Maybe. One of my rabbits keeps rattling his cage too, what you can do is to

1. cover his cage with a blanket, works for me he stops chewing his cage
2. remove his bowl, wooden toys and other things that he moves and it causes noise at night
3. I like what you said you could definitely put a towel or something into his cage, if he will chew it great it will keep him busy, mine loves his towel! I also give him a smaller cardboard box he destroys it overnight he's very worky  
4. you can fix his litter box so he cannot move it, just make two small holes and tie it to the bars with a wire
5. exhaust him before your bedtime 
6. give him plenty of hay for the night and a toilet roll tube so he can chew it over night
7. get yourself ear plugs


----------



## Hermelin (Apr 19, 2019)

When my indoor rabbit go into cage, he have a specific rutin. He will play in the cage for one hour and then be quiet until morning when I wake up. 
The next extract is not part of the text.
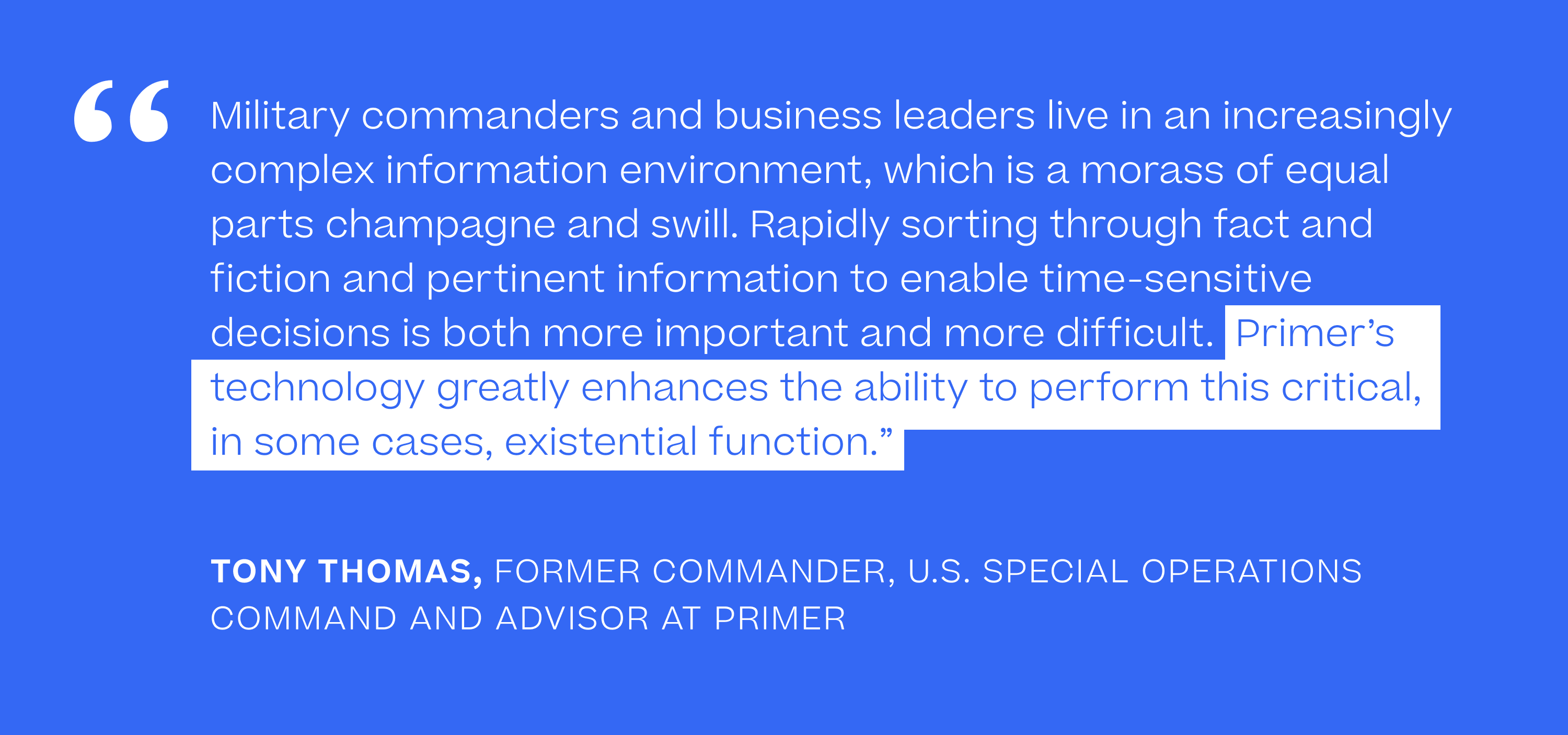 At Primer, we believe that analysts and operators deserve to have reliable and trusted AI now to achieve their mission and stay safe. Today it is abundantly clear that innovation is no longer just measured in hardware years, but in coding weeks. At a time of increasing geopolitical instability, the country that gets modern and reliable software capabilities into the hands of our analysts and operators first, wins. That’s why we are building secure, trusted, and interoperable AI that can be fielded in hours, not years.

That’s when he will start throwing toys, tipping his hide house and so on. Messing up the whole cage, but that only starts when I’m awake. 

You can use fleece blankets or hemp mats in the cage, so it doesn’t sound that much. If he chew bars you can cover them with fleece blankets until he learned to stop chewing them. 
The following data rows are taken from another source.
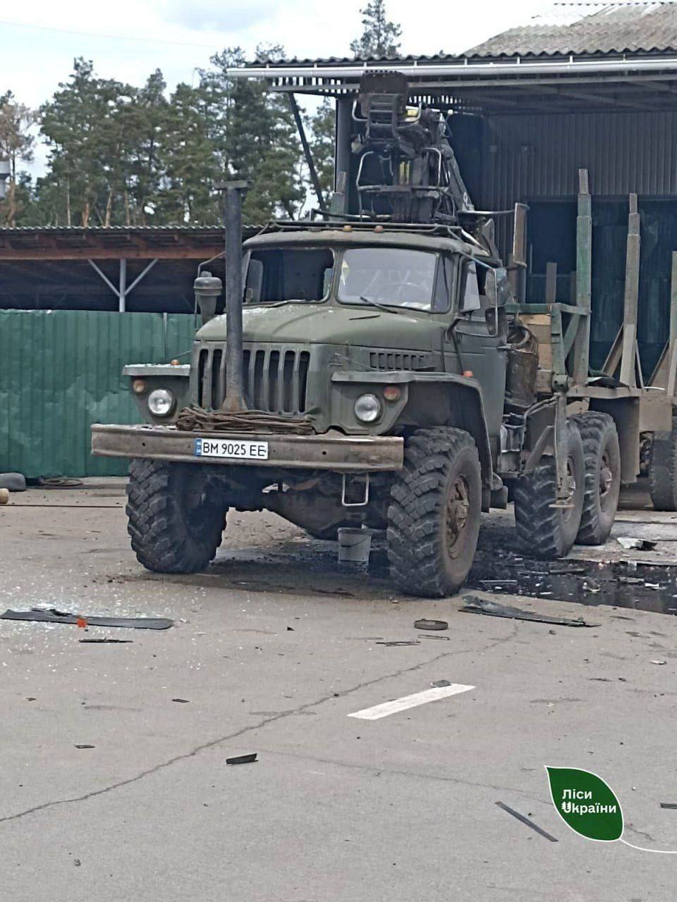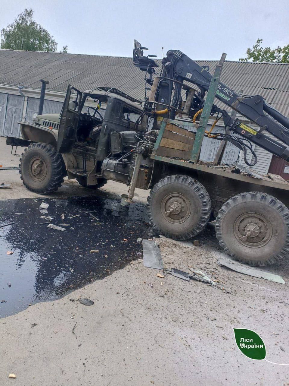 Пізніше мер міста Олександр Лисенко повідомив про влучання ворожого дрона у лісогосподарську машину. Безпілотник влучив у мастильний бак. Пошкоджені також кабіна та спеціальна установка.
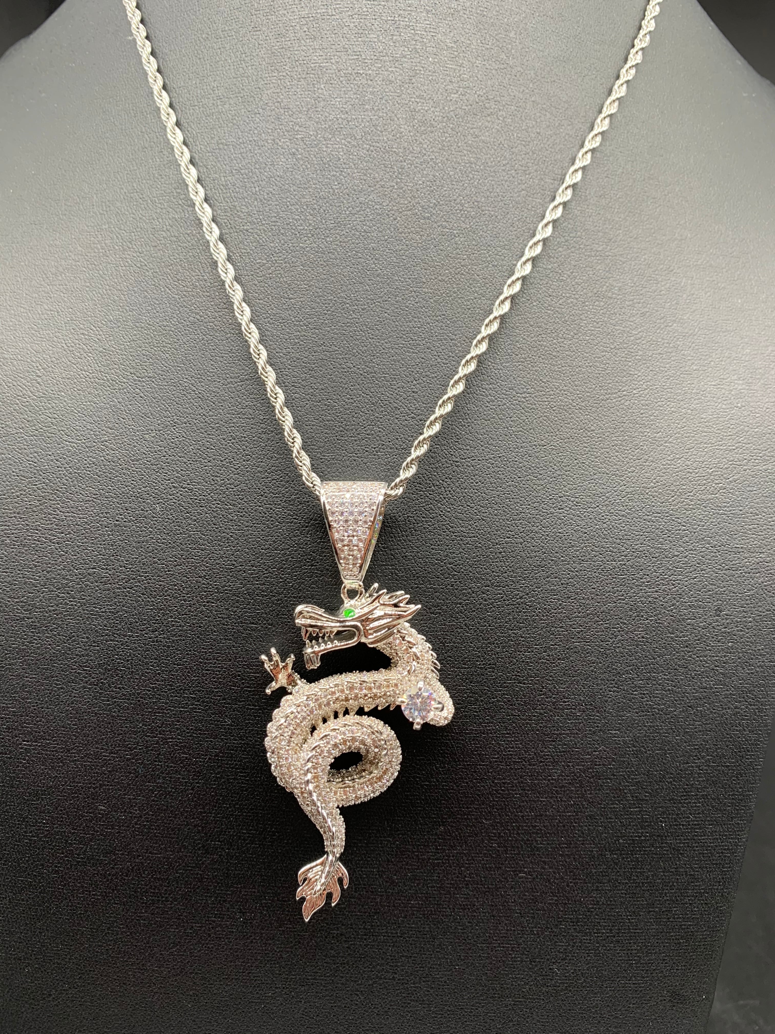 シルバー 存在感抜群! 龍神 竜 ドラゴン ジルコニア ブリンブリン ネックレス
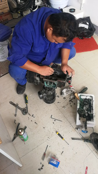 此次檢修,重點(diǎn)解決前期不具備維修條件但對(duì)生產(chǎn)有重要影響的設(shè)備,并結(jié)合廠內(nèi)各種設(shè)備使用率、運(yùn)行時(shí)間的時(shí)長(zhǎng),來(lái)確定設(shè)備最佳運(yùn)行參數(shù)。此次巡檢過(guò)程中發(fā)現(xiàn)加礬泵不能夠正常加藥,機(jī)電部當(dāng)即啟動(dòng)備用泵,隨后對(duì)損壞加礬泵拆解。原來(lái)是磨片損壞,機(jī)電部立即申請(qǐng),聯(lián)系廠家發(fā)貨。

Try to activate the rabbit before cage, maybe use a bigger litter box in the cage filled with hay in, you can also sprinkle pellets or some treats hidden in the hay. 

At least my rabbits will always sleep after eating and be calm a couple of hours. 
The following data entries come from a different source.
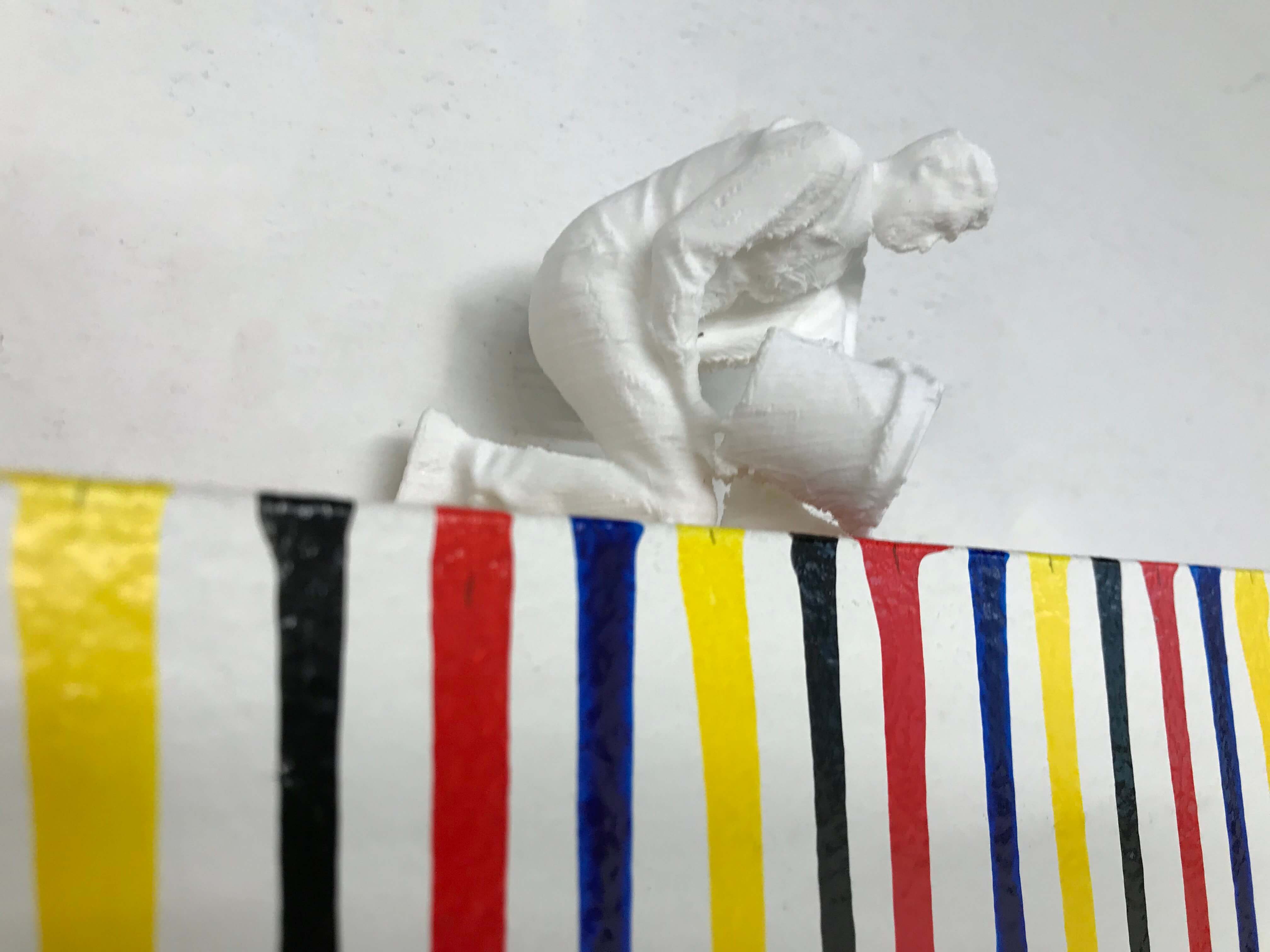 Meanwhile Burmeister invades the gallery with his mini-guys affectionately known as “Vermin”. These bronze and clay figures appear in installations on and off the wall that actively involve them in humorous scenarios.
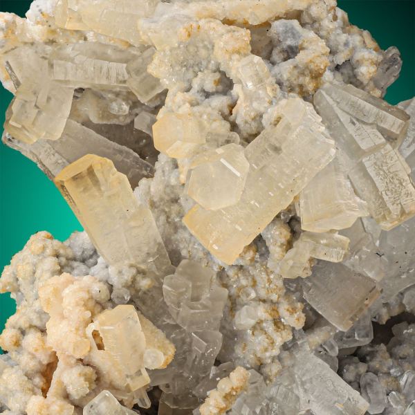 Here we see a wonderful specimen of beautifully crystallized Strontianite from Oberdorf an der Laming, Austria. These are now famous classics, as perfectly developed hexagonal crystals of this species are extremely rare. Strontianite is named after the Scottish west coast village of Strontian, where this species was first found and for which the element strontium is also named. Translucent, colorless, sometimes pale milky to yolk-yellow colored hexagonal prisms up to 1.3 cm size are richly perched throughout a vuggy matrix of thin, intergrown Dolomite plates. The Strontianite prisms are, where possible, double-terminated, which is the case with several crystals. A classic and stunning Strontianite from Oberdorf an der Laming, Austria with excellent aesthetic appeal.Data last checked on 12th Oct 2025 - specimen may no longer be available
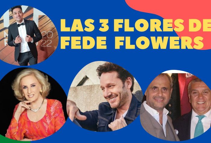 Esta semana Fede Flowers nos trae dos historias de casamientos: La de Pepito Cibrian que desembocaría en ruptura y otra vinculada con Georgina Barbarossa. Ademas María Fernanda Callejón intentando sacar … Seguir Leyendo Las tres flores de Fede Flowers: hoy Pepito Cibrián, Georgina Barbarossa y María Fernanda Callejón.
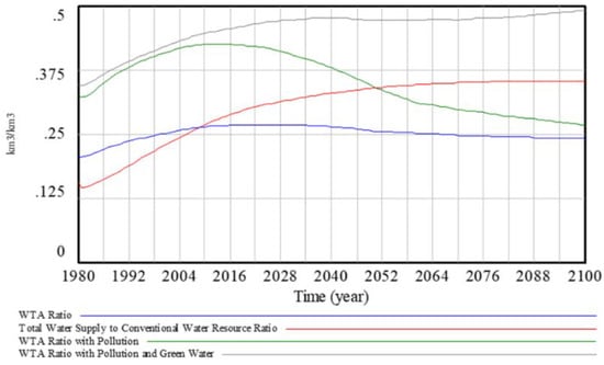 As the simulation progresses, water stress with only pollution effects considered (Equation (10)) on top of the WTA reaches a peak in the year 2010 and declines afterwards. This is because in this case the pollution effects are represented only through wastewater inputs, which decrease as domestic and industrial water demands decrease in the model due to reduced water intensities with greater global economic output. When water pollution in the form of agricultural runoff or green water is included, water stress values continue to rise to a value of 0.5 by the end of the simulation. This indicates severe levels of water stress. Using the ratio of water supply to available water resource levels as an indicator of water stress results in a starting value of 0.15 which follows S-shaped growth to 0.35. This indicates a shift from low levels of water stress to the high end of the medium-high water stress category.
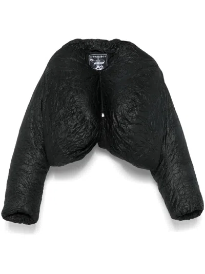 The Y/Project cropped puffer jacket is made of crinkled fabric and filled with synthetic padding. It stands out for its sculptural design with oversized volumes, a central zip, and elasticized cuffs. The model is 177 cm tall and wears a size FR 36. Colours: Black Composition: Technical Made in: Poland MPN: 103JA002 F547
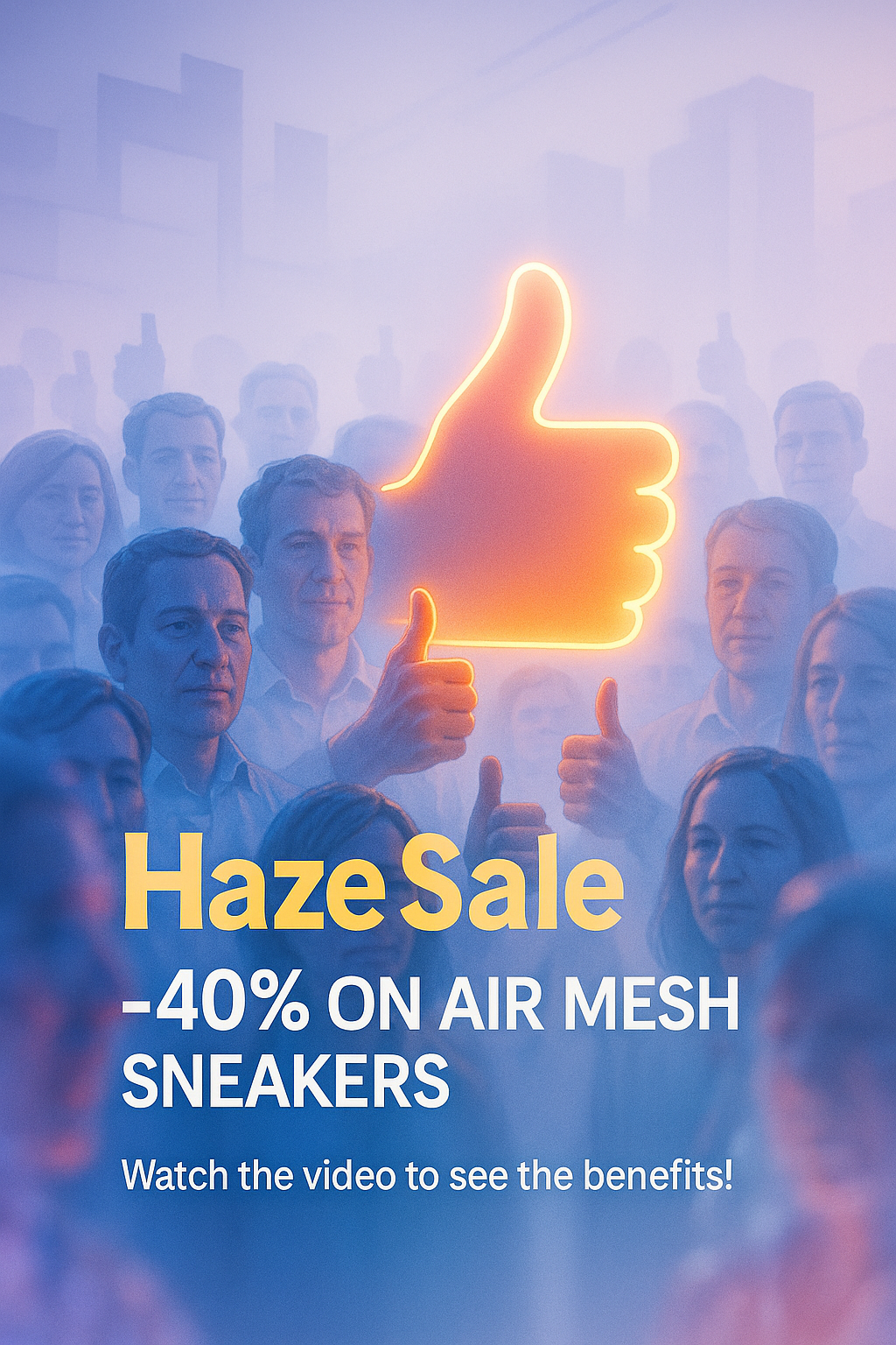 /Collection: /by davooda/Type: PNG/Vibrant promotional graphic featuring a thumbs-up symbol and a discount offer, designed for marketing air mesh sneakers, ideal for social media or ad campaigns.

how many hours is your rabbit out during the day?

What time do you close him into the cage?


----------



## Imbrium (Apr 22, 2019)

Poopy Poo said:


> 1. cover his cage with a blanket, works for me he stops chewing his cage
> 2. remove his bowl, wooden toys and other things that he moves and it causes noise at night
> 3. I like what you said you could definitely put a towel or something into his cage, if he will chew it great it will keep him busy, mine loves his towel! I also give him a smaller cardboard box he destroys it overnight he's very worky
> *4. you can fix his litter box so he cannot move it, just make two small holes and tie it to the bars with a wire*
> ...


I agree with almost all of this... the tying down the litter box suggestion is one I've used myself with great success. Zip ties also work great for tying down the litter box (though you have to snip/replace them to clean it) or if the holes are big enough, carabiners.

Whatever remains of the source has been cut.